Searchers is an internet search engine launched to the public in February 2005. It is a locally hosted web search engine claiming the largest web index in the United Kingdom. Searchers, named Searchers.com until a branding change in 2008, is owned by Reach Global Ltd. Development on the internet search engine began in 2003 at its headquarters in Church, Lancashire. It was incorporated as Searchers UK Ltd in 2004.

== Objectives ==

Searchers launched to the public in 2005 with the aim of developing a British alternative to US internet search engines serving the UK. Searchers focuses on returning results relevant to UK users and offers the idea of a "pure" search result which is not influenced by keyword manipulation or paid prominence.

== Developments ==

In 2004, Searchers partnered with Yell to offer Yell web links for businesses.

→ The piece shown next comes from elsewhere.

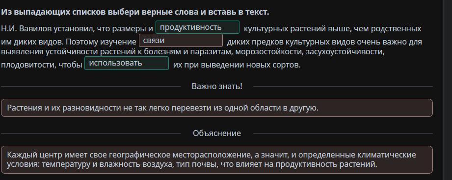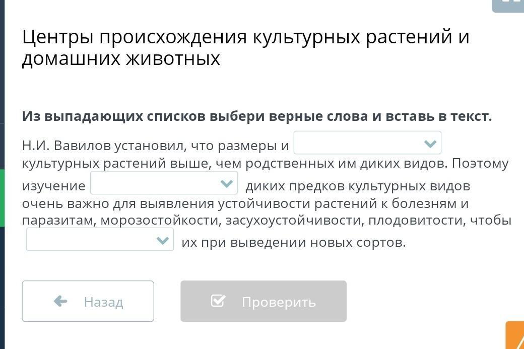Центры происхождения культурных растений и домашних животных Из выпадающих списков выбери верные слова и вставь в текст. Н.И. Вавилов установил, что размеры и культурных растений выше, чем родственных им диких видов. Поэтому изучение диких предков культурных видов очень важно для выявления устойчивости растений к болезням и паразитам, морозостойкости, засухоустойчивости, плодовитости, чтобы + Назад их при выведении новых сортов. Проверить
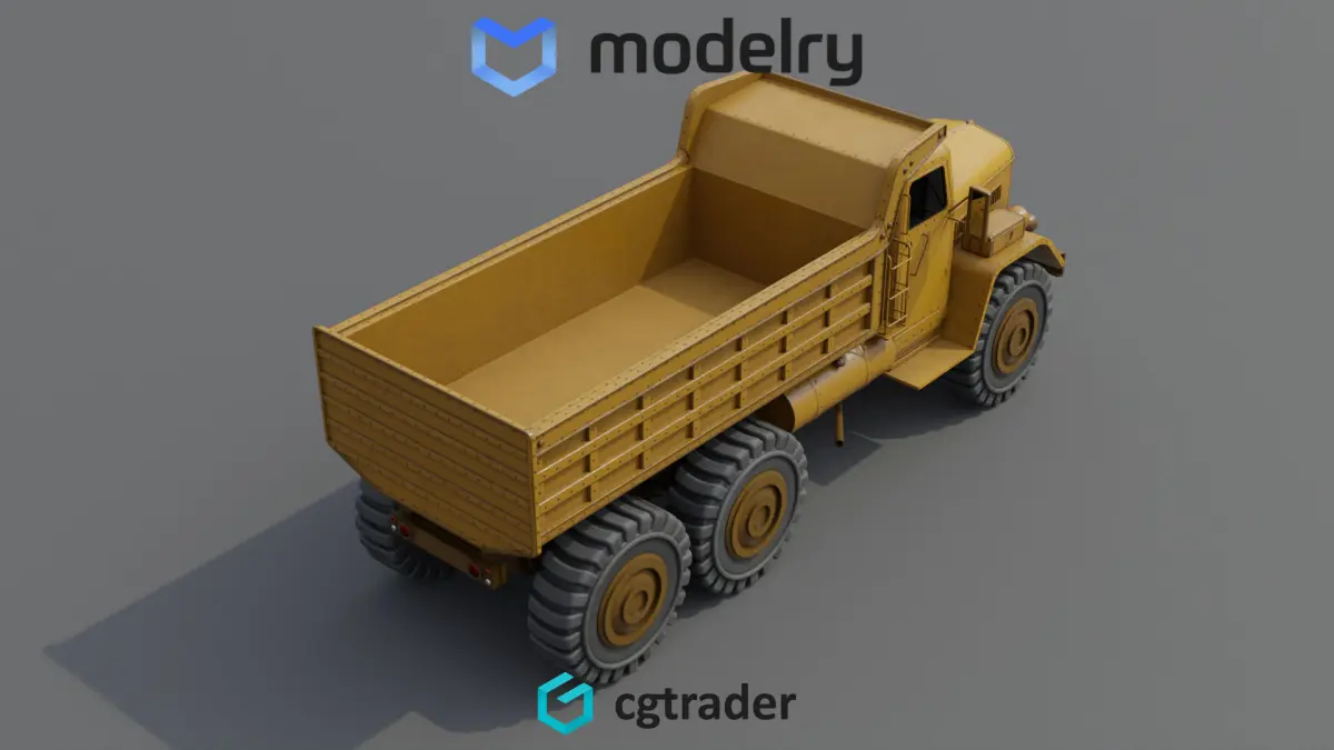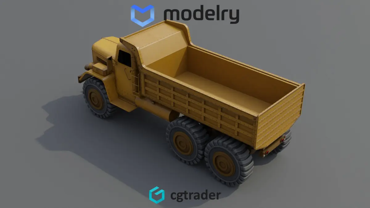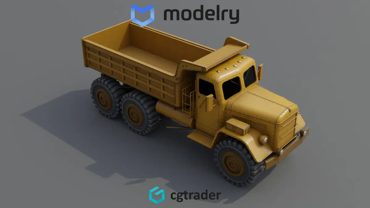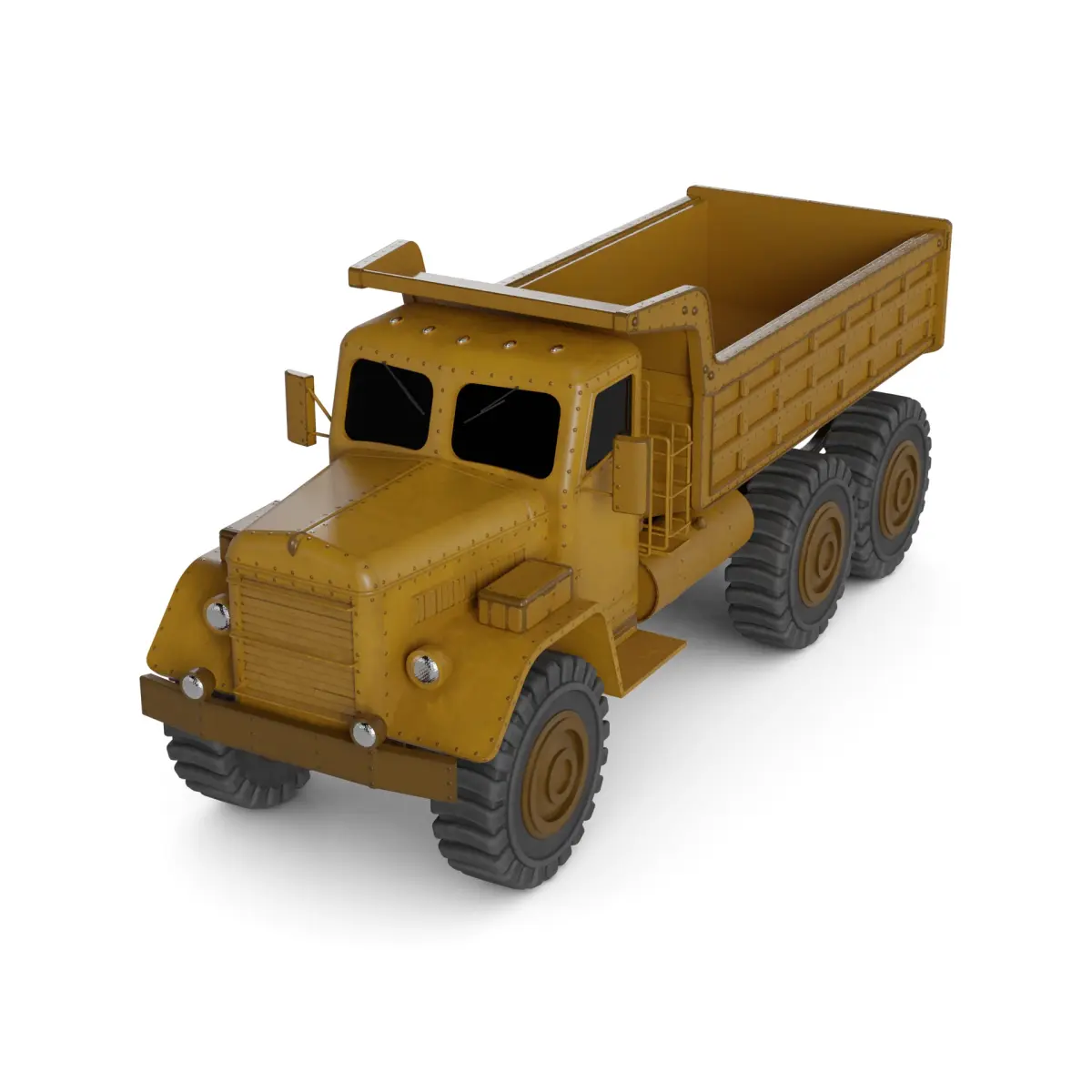 A specialized historical dump truck built for heavy-duty construction tasks, boasting a robust and durable construction. The vehicle's body is painted in a faded yellow color, with patches of rust and wear adding character to its appearance. Its massive tires are designed to withstand the toughest of terrains, while the hydraulic lifting mechanism at the back enables efficient unloading of materials. The interior of the cab is basic yet comfortable, providing the driver with a functional workspace for long hours of operation.

By 2005, Searchers was also working with shopping website Kelkoo to offer users the opportunity to search for products based on product name and category.

Other developments have included the showcasing of Diana, an artificial intelligence interface, which offered conversational interaction to its web users.

The seventh version (v7) of the Searchers algorithm was launched in October 2010 and included the basis of the Credibility Score, a "measure of commercial conduct".

== Responses ==

Searchers launched an advertising campaign on the UK terrestrial channel Channel 4 throughout 2006 and targeted potential web users. A follow-up advertising campaign was broadcast on Channel 4 in 2009.

In October 2010, Searchers parent company Reach Global featured on the BBC website and BBC Radio Lancashire as a local company thriving during a time of hefty public sector cuts.

Searchers' potential was discussed in a parliamentary adjournment debate (as Reach Global, its parent company) on 26 January 2011.

The debate, entitled UK Internet Search Engines, was raised by Hyndburn MP Graham Jones and attended by Culture Minister Edward Vaizey. It achieved moderate coverage across a range of print and online news sources, including the Accrington Observer, Tech Watch and The Register.

A related adjournment debate was scheduled on 5 April 2011 by Esher and Walton MP Dominic Raab, entitled Net Neutrality, during which Edward Vaizey confirmed his intention to visit Reach Global and its search engine.